All we want for X-mas 🎄: Hyper-scale targeted LDP signaled MACsec 🔐 protected Traffic Engineered epipe ∿ services using Segment Routing over ISIS ☥

4 min readDec 29, 2021

Featuring Netsim-Tools 1.0.6+ by Ivan Pepelnjak

Traffic Engineering in SR-ISIS networks (from Derek’s post)

As the dust slowly settles over 2021, some of you may be wondering if that is it for this year. As it turns out, it is not — there is more! Ivan just released version 1.0.6 of Netsim-Tools, and it’s a doozy.

Extensible Model-Driven Architecture: Truly 😮pen™ collaboration

What is so great about Netsim-Tools and this latest release in particular, is that it is fully customizable by design. The new plugin mechanism allows anyone to add whatever “nerd knobs” they need for their particular use case. Just like SR Linux, Netsim-Tools is truly open — which makes it a great tool to build upon and collaborate with.

Evolutionary paths — some platforms are more open than others

[…] The animal species, in which individual struggle has been reduced to its narrowest limits, and the practice of mutual aid has attained the greatest development, are invariably the most numerous, the most prosperous, and the most open to further progress — Peter Kropotkin on “survival of the fittest”

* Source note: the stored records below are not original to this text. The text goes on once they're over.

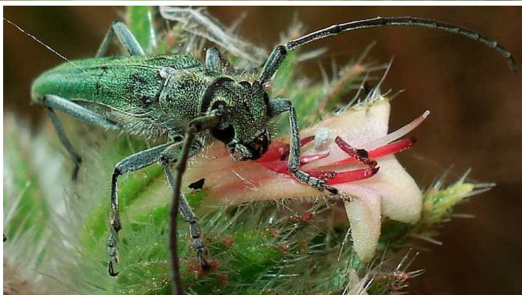
Opsilia = Phytoecia coerulescens

Opsilia = Phytoecia coerulescens – Mide de 6 a 13 mm de longitud. Color del cuerpo verde grisáceo, con anchas bandas longitudinales más oscuras en el pronoto. La larva se alimenta de las raíces de gran variedad de plantas, principalmente de Echium .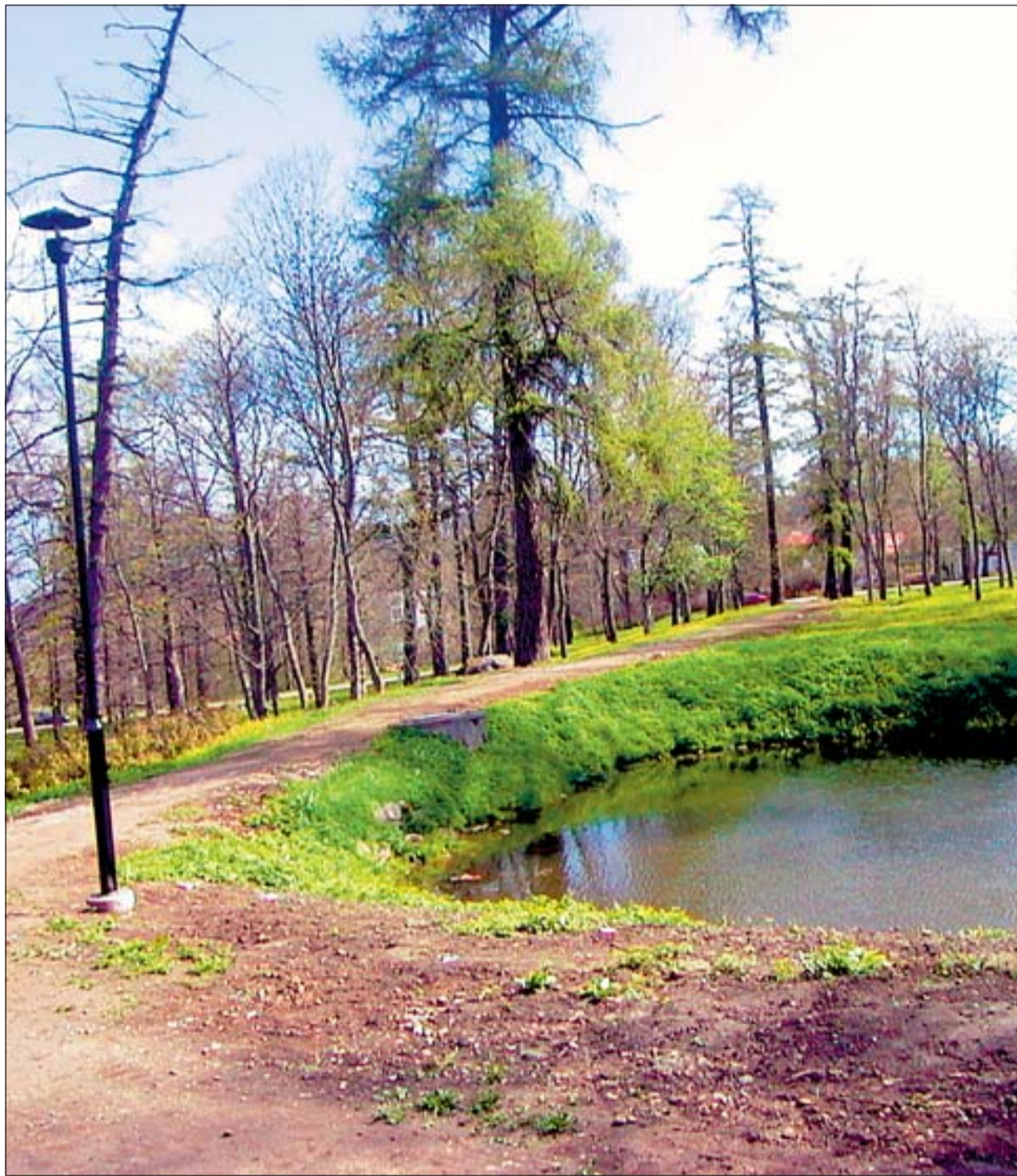
Iga aastaga üha korrastatumat ilmet omandav Laidoneri park kutsub jalutama.

ASi Koger & Partnerid rekonstrueeritud lõik tee 3,9 ja 7,3 km vahel saab mais ka korraliku haljastuse. Samuti haljastatakse valla tellimisel ehitatud jalgratta- ja jalgteega piirnev ala teelõigul, mis jääb 3,9 ja 5,4 km vahele. (VT)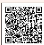
▲店舗家賃負担助成金

新型コロナウイルス感染症の影響を受けた中小事業者への支援として実施している、店舗家賃負担助成金・廃業経費補助金の申請期限は8月31日（消印有効）です。締め切り直前は、手続きに時間がかかる場合がありますので、早めの申請にご協力ください。申請方法などの詳細は、区ホームページ（右2次元コード）をご覧ください。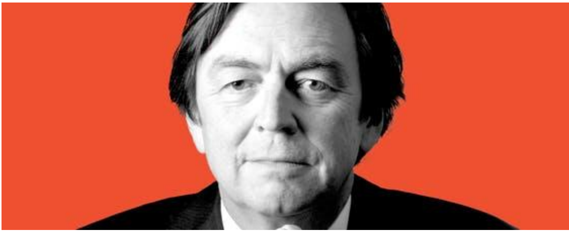
ING - Hans Wijers (opvolger Van der Veer) probeert schade van schikking te beperken door vooroverleg met minister Hoekstra.

Last week I already talked about Segment Routing (SR) support for 7250 IXR devices running the new SR Linux 21.11.1 release. While we could use that to implement the SR-ISIS part of the scenario suggested by Derek Cheung (back in 2020) — i.e. R2 and R3 in the diagram — R1 and R4 need to use SR OS, and given my curiosity about SR Traffic Engineering (a.k.a. decorating the network with tunnels all over the place — exciting new territory…) I decided to go all-in on SR OS this time.

So here’s what we’ll be doing today:

Recreate Derek’s SR-ISIS MPLS with Traffic Engineering use case, using Netsim-Tools (extended/enhanced with various “nerd knobs” as needed) and Containerlab
Explore what it would take to add MACsec encryption to the L2 service

Github project can be found here; requires this pending PR (and perhaps a little patience…)

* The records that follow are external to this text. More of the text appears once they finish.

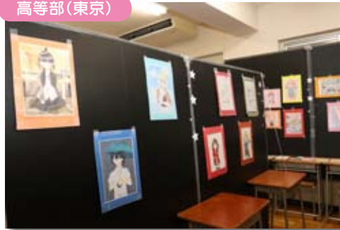
文化祭で優秀賞を受賞した漫画イラスト研究部の作品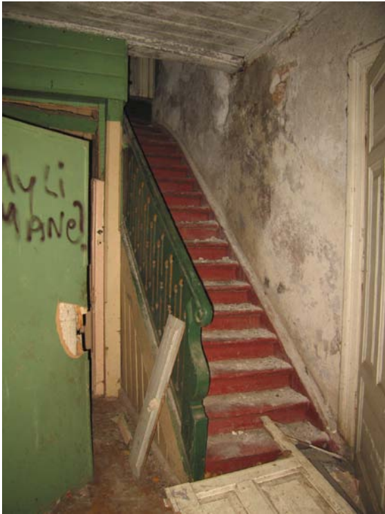
Laiptai patalpoje 1-1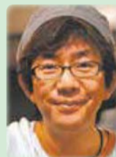
【脚本・演出】中島淳彦氏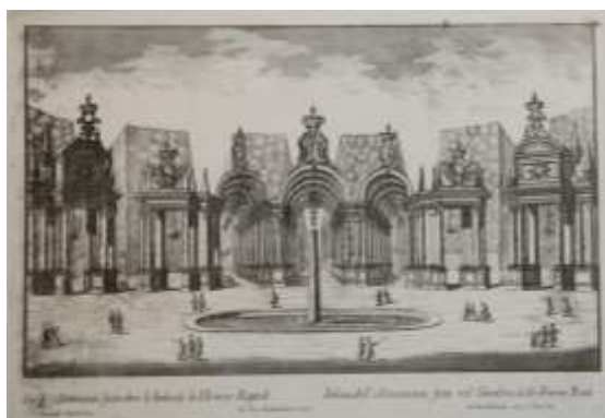
Fig. 28 Torino. Veduta della Veneria reali con i giardini. (inc. 1737)

una grossa fabbrica di seta del banchiere Giuseppe Maria Arnaud. Il modo in cui veniva lavorata la seta destò particolarmente l'interesse del re che osservò bene le varie fasi del processo di manifattura, in particolare la qualità dei bozzoli e i filatoi idraulici, quindi dopo aver lasciato per mancia la somma di duecento zecchini da distribuirsi a tutti gli operai, proseguirono per la Venaria, dove si intrattennero per tutto il pomeriggio, visitando gli appartamenti, il parco, gli aranceti, la galleria e le scuderie.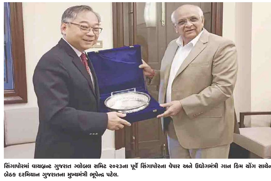
સિંગાપોરમાં વાયફ્રન્ટ ગુજરાત ગ્લોબલ સમિટ ૨૦૨૩ના પૂર્વે સિંગાપોરના વેપાર અને ઉદ્યોગમંત્રી ગાન કિમ યોંગ સાથેની ભેટક દરમિયાન ગુજરાતના મુખ્યમંત્રી ભૂપેન્દ્ર પટેલ.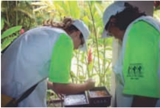
Agentes da Campanha de prevenção à dengue, da Associação dos Amigos da Riviera, em vistoria nas áreas externas dos imóveis, orientam moradores

A proveitando o período de grande ocupação dos imóveis na Riviera, durante a temporada, estagiários treinados pelo setor de Meio Ambiente da ASSOCIAÇÃO DOS AMIGOS, vistoriaram imóveis (áreas externas), em todos os Módulos, para conscientizar e reforçar as orientações sobre os cuidados necessários à eliminação de possíveis criadouros do Aedes aegypti - vetor da dengue.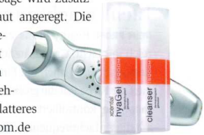
„SQOOM“ VON SCHICK MEDICAL

ZU HAUSE: Der Minicomputer „SQOOM“ (ab 629 Euro inkl. zwei Pflegeprodukten) verspricht eine tiefenregenerierende Pflege der Haut. Und das mit dem weltweit patentierten Ionozym-System, das Ionisation (galvanischer Strom) mit Ultraschall verbindet. Das Prinzip: Ultraschall dringt über einen Schallkopf, der pro Sekunde eine Million sanfter Schwingungen erzeugt, tief in die Haut ein, bis hin zum Bindegewebe. Die Vibration soll die Eigenproduktion von Kollagen und Elastin anregen. Gleichzeitig bewirkt der galvanische Strom, dass die Wirkstoffe des mitgelieferten Gels besser die Haut penetrieren können. Durch die sanfte Massage wird zusätzlich die Durchblutung der Haut angeregt. Die Zellteilung sowie die Zellregeneration sollen so beschleunigt werden. Das Ergebnis nach konsequenter Nutzung über mehrere Wochen: ein festes und glatteres Hautbild. Infos über www.sqoom.de

ePipe services — adding custom L2 networking

Netsim-Tools provides the core functionality to model routed network topologies, but prefers to leave (vendor-specific) details to custom plug-ins. For this exercise I’ve created a small ‘epipe’ plugin module which resolves a custom link attribute containing a node name to a nexthop loopback IP address, for use in a custom Jinja2 template.

On the network side, this introduces the need for L2-only ports — i.e. ports without any IP address assigned. To support this, I modified Netsim-Tools to allow for “ipv4: False” (and since I was in the neighborhood, I also added index-based addressing where users can specify an offset relative to a subnet prefix)

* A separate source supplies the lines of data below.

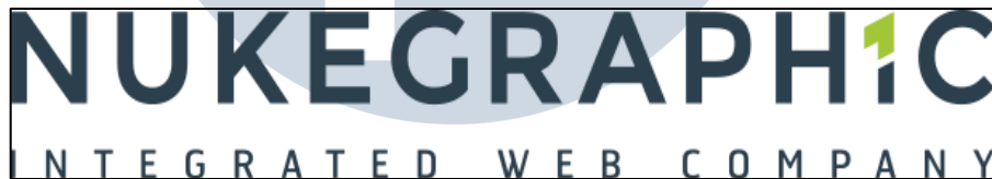
Gambar 2.1 Logo CV Nukegraphic Indonesia (Nukegraphic Indonesia, 2012)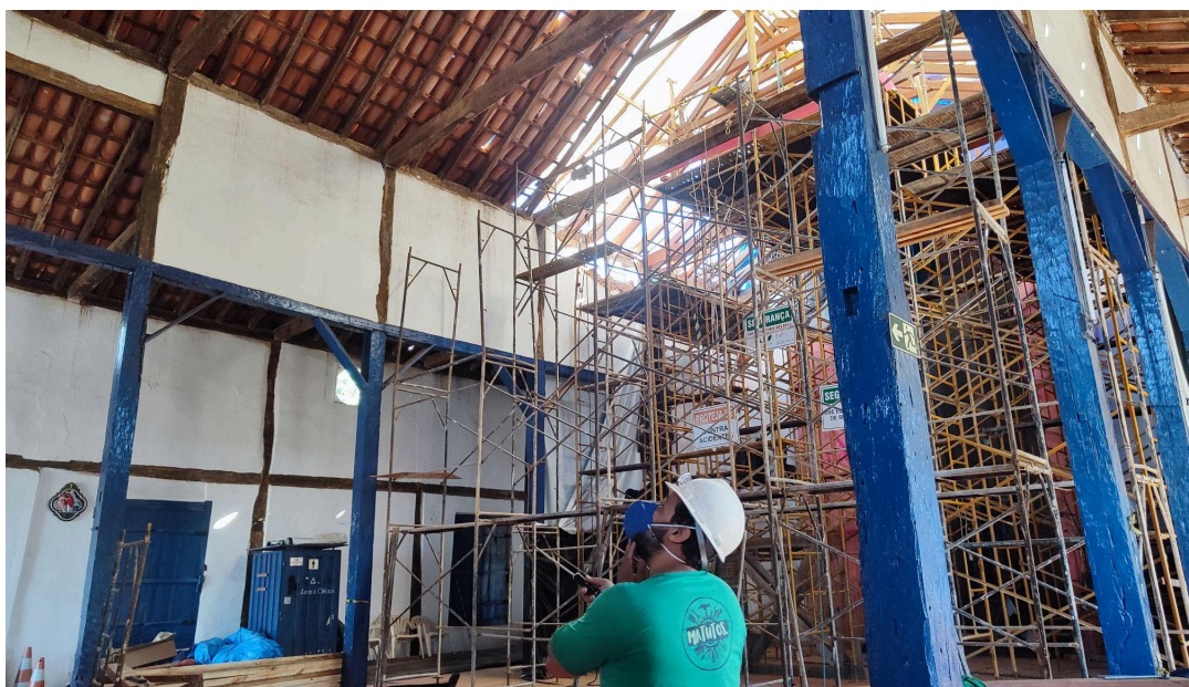
Execução dos reparos emergenciais da cobertura da nave Autoria: Francielle Ferreira Data: 06/05/2026

Escoramento Emergencial da Nave : Após as tratativas da celebração do Termo Aditivo do projeto, o proponente iniciou o desenvolvimento dos projetos emergenciais destinados ao escoramento da cobertura da nave da Igreja Nossa Senhora do Rosário. O projeto de montagem dos andaimes foi elaborado, com o conceito de torres de andaime contraventadas por meio de tesouras estruturais e estabilizadas com amarração estrutural dos elementos.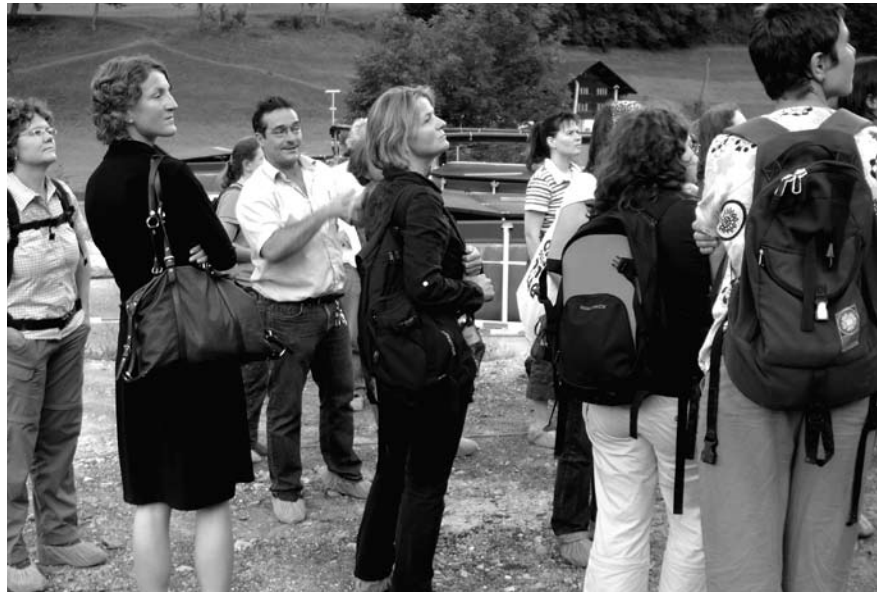
Exkursion der Regiogruppe Bern: Noch stehen nur Pilotanlagen. Doch in diesem Stadium dürfen wir, geschützt mit blauen antibakteriellen Plastikschuhüberzügen, ganz nah zu den wertvollen sibirischen Stören in Frutigen.

Im Restaurant O'Bolles in Bern trafen sich im Mai und September je rund zehn Frauen zum Mittagessen mit regem «und was machst Du?»-Austausch. Im August besuchten wir das Tropenhaus Frutigen und die angegliederte Störzucht (siehe dazu ausführlichen Artikel im Forum 4/2008). Im November packten neun Frauen die Chance das Hochsicherheitslabor in Spiez von innen zu besichtigen. Dabei erfuhren wir Interessantes zur Schweizer Sicherheitspolitik und dem Drang, unabhängig Labortests für hochriskante und unbekannte Stoffe durchführen zu können (darum der Bau des neuen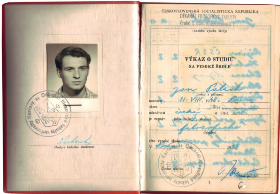
Carnetul de student lui Jan Palach de la Facultatea de Filozofie a Universității Caroline, toamna lui 1968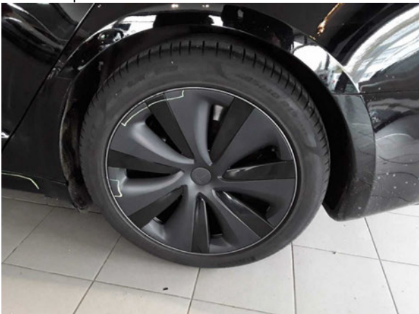
Beschädigung #3: Rad/Reifen: Leichtmetallfelge hinten links - verkratzt / verschürft - Wertminderung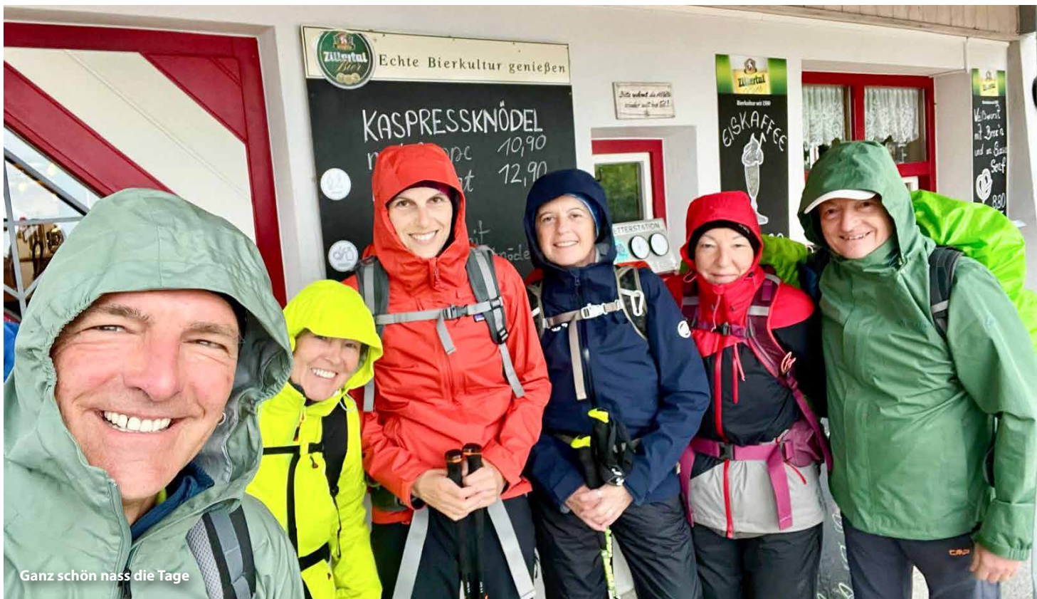
Ganz schön nass die Tage

Seamless hyper-scale security-as-a-service at layer 2

As an aside: The reason we (i.e. including you) need this type of L2 connectivity service is also articulated here. Security is a key requirement and investment driver for enterprises, and being able to add it to an existing network service seamlessly — meaning without customers having to make any changes — is essential. Doing that at scale means automation; in other words, what I’m showing here is how we can model and automate security services at hyper-scale, in a form that you can experiment with in your lab.

BFD module

Bidirectional Forwarding Detection (BFD) as defined in RFC5880 is a staple of rapid fault detection and associated failover mechanisms. In this use case it is enabled for ISIS interfaces, using parameters defined in the RFC. One could do the same for OSPF and BGP — but we’ll leave those for another day. The same goes for “seamless bfd” (RFC7880) extensions.

MACsec on 7x50 SROS

Nokia SR OS has long supported Media Access Control security (MACsec, formally IEEE 802.1AE), a security feature supported in hardware on certain MDAs. I could not find a simple table to tell me which MDAs support it, but the vSIM installation guide lists the ‘maxp10–10/1gb-msec-sfp+’ MDA for sr-a4/a8 — so I guess “msec” means MACsec and the sr-a4 is our guy.

Except…Containerlab(Vrnetlab) didn’t support that particular model. Not to worry — we can add that — and so we are good to go.

Or so I thought

As it turns out, MACsec has more of a hop-by-hop architecture, and doesn’t “just” work across a multi-hop MPLS network; the MKA session doesn’t come up. There is a ‘eapol-destination-address’ (MAC address) under port/ethernet/dot1x/macsec which looks promising — but this would require R1 and R4 to have a MAC address to target, which they currently don’t. Maybe a PBB VPLS could work?

Besides that, the MTUs will need some tweaking: MACsec adds 32 bytes to each packet.

Let’s figure it out together — suggestions appreciated!